I used chestnut mushrooms not only because Kenedy did but because it made sense with the whole ‘chestnut’ theme and I love their nutty flavour. They don’t have much to do with chestnuts though and the name comes from their brown colour. However, the chestnut-mushroom association is strong in the wild where mushrooms grow under chestnut trees. In Japan shiitake mushrooms take their name from shii, a type of chestnut tree and take, meaning mushroom. In northern Italy a tagliatelle made with chestnut flour is served with a porcini mushroom sauce (ref: The Flavour Thesaurus by Niki Segnit).
First of all I got my pasta cooking – about 100g dried pasta per person. Cook according to the instructions and when you drain, save some of the cooking liquid. Meanwhile, I got on with the sauce. I added my finely chopped shallot to a pan with a little olive oil. While that started to soften I sliced the bacon and added that to the pan. Once the bacon was colouring nicely I added the sliced chestnuts with a good knob of butter. Stir round and when the chestnuts start to colour add the sliced mushrooms, and keep stirring occasionally so they brown each side.

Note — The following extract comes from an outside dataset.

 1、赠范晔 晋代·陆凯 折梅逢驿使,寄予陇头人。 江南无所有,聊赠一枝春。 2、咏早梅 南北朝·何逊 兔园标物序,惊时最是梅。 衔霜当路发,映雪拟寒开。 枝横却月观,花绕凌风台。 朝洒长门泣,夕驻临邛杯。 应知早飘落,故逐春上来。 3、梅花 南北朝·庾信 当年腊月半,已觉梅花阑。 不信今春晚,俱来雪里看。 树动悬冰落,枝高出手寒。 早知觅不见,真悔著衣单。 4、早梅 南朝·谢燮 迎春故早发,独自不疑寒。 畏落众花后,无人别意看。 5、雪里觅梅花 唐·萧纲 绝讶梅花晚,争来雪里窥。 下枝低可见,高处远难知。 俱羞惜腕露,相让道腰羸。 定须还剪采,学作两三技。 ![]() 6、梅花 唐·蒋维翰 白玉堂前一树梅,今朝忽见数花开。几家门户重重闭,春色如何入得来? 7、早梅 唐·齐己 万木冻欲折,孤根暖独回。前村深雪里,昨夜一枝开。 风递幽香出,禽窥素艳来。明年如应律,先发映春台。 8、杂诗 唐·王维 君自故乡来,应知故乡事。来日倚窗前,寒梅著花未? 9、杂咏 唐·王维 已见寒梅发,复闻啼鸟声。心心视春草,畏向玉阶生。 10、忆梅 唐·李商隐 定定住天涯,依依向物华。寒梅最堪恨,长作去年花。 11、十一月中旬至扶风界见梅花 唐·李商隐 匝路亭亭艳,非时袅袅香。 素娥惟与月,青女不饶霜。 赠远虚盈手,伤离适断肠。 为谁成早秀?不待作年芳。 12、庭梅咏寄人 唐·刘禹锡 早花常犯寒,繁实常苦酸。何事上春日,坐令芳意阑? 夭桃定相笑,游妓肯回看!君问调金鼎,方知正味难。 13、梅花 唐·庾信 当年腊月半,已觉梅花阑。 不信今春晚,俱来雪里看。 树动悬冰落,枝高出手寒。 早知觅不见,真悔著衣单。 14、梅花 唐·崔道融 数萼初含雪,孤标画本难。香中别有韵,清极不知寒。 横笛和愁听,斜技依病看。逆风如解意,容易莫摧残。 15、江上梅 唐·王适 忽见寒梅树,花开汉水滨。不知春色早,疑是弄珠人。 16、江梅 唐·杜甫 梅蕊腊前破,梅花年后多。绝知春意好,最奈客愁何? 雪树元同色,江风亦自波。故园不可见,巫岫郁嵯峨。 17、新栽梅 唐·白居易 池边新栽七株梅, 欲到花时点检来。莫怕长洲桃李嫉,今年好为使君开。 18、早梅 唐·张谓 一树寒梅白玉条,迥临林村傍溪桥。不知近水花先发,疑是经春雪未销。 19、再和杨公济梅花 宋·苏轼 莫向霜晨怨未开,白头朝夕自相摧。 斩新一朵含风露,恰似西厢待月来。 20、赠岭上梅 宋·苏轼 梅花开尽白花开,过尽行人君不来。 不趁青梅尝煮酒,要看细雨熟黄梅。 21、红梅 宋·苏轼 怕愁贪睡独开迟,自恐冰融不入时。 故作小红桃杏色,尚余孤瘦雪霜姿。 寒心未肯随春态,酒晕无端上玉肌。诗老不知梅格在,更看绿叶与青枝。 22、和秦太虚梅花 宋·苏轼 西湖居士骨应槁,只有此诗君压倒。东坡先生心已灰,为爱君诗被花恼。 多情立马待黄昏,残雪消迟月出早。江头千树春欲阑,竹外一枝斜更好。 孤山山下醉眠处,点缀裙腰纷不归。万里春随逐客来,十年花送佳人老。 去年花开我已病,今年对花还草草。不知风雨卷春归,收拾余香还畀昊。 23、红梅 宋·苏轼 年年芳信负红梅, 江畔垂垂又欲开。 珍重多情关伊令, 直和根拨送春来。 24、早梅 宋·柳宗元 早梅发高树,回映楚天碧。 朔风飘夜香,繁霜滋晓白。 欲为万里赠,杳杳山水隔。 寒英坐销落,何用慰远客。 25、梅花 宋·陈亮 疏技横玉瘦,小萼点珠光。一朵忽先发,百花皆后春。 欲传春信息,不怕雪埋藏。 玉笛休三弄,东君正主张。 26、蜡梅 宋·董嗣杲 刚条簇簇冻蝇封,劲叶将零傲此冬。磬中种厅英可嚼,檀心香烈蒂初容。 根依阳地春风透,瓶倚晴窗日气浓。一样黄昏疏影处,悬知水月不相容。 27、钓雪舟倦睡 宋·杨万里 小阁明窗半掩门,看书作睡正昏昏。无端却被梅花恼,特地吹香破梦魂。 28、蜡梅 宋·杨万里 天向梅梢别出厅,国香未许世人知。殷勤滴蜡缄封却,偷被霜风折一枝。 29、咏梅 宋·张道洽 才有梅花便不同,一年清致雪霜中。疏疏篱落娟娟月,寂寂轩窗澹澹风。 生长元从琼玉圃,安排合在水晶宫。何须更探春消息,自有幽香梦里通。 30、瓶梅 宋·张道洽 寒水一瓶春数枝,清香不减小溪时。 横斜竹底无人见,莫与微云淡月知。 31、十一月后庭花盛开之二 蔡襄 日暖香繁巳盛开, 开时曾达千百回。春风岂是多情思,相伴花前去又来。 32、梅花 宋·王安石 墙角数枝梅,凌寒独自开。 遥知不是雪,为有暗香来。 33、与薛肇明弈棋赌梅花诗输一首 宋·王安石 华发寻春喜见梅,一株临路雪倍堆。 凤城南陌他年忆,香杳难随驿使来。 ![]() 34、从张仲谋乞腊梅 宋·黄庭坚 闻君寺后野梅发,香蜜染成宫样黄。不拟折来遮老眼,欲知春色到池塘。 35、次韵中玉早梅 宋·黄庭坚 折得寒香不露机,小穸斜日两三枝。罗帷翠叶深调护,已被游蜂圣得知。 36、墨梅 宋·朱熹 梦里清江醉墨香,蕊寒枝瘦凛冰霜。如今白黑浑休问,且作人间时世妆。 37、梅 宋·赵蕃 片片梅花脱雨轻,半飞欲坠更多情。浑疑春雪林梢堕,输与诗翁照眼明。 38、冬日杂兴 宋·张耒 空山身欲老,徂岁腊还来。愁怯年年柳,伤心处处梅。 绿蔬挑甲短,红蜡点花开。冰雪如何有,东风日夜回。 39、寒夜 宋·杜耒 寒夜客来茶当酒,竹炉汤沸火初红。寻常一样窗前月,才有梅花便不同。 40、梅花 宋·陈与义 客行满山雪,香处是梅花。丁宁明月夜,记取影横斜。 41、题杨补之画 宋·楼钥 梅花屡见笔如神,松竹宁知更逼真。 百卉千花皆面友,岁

When the mushrooms are cooked, add a good drizzle of single cream, the parsley, a good grating of Parmigiano cheese and a ladleful of the pasta cooking liquid. Stir together to make a sauce and taste to check seasoning.
Remember the bacon will have added some salty flavour, but you may need more salt. Also add a good grating of black pepper. Let it bubble up for just a minute or two, then add the drained pasta.

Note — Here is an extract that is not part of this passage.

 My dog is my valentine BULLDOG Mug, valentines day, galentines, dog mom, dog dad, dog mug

Stir round carefully so all the pasta is coated with the sauce, then transfer to a serving dish. Grate over a little more Parmigiano.

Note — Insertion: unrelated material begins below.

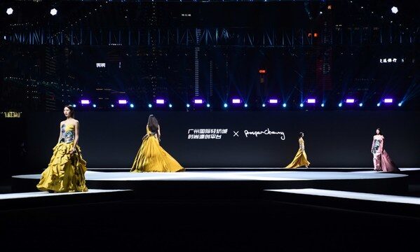 广州2022年1月5日 /新闻稿网 - Xinwengao.com/ — 珠江之畔,广州塔下,时尚热潮持续涌动。12月29日晚,广州国际轻纺城时尚源创平台与服装设计大师张肇达的联名大秀,作为2021广州国际时尚产业大会-“海珠之约·数字时尚夜”活动的压轴惊艳上演,一套套精致时尚的礼服,将中式浪漫和现代抽象完美融合,呈现了一场夜阑人静时如梦似幻的视觉盛宴。

I served it with a green salad. It was so delicious. I loved the combination of the salty bacon with the sweet chestnuts; the earthy mushrooms and the gorgeous decadent addition of a little cream. It all came together well and really, like most good pasta dishes, it’s so easy and quick to put together. I do have rather a lot of chestnuts from the pack left though, so I feel that maybe there’s a chestnut soup coming soon …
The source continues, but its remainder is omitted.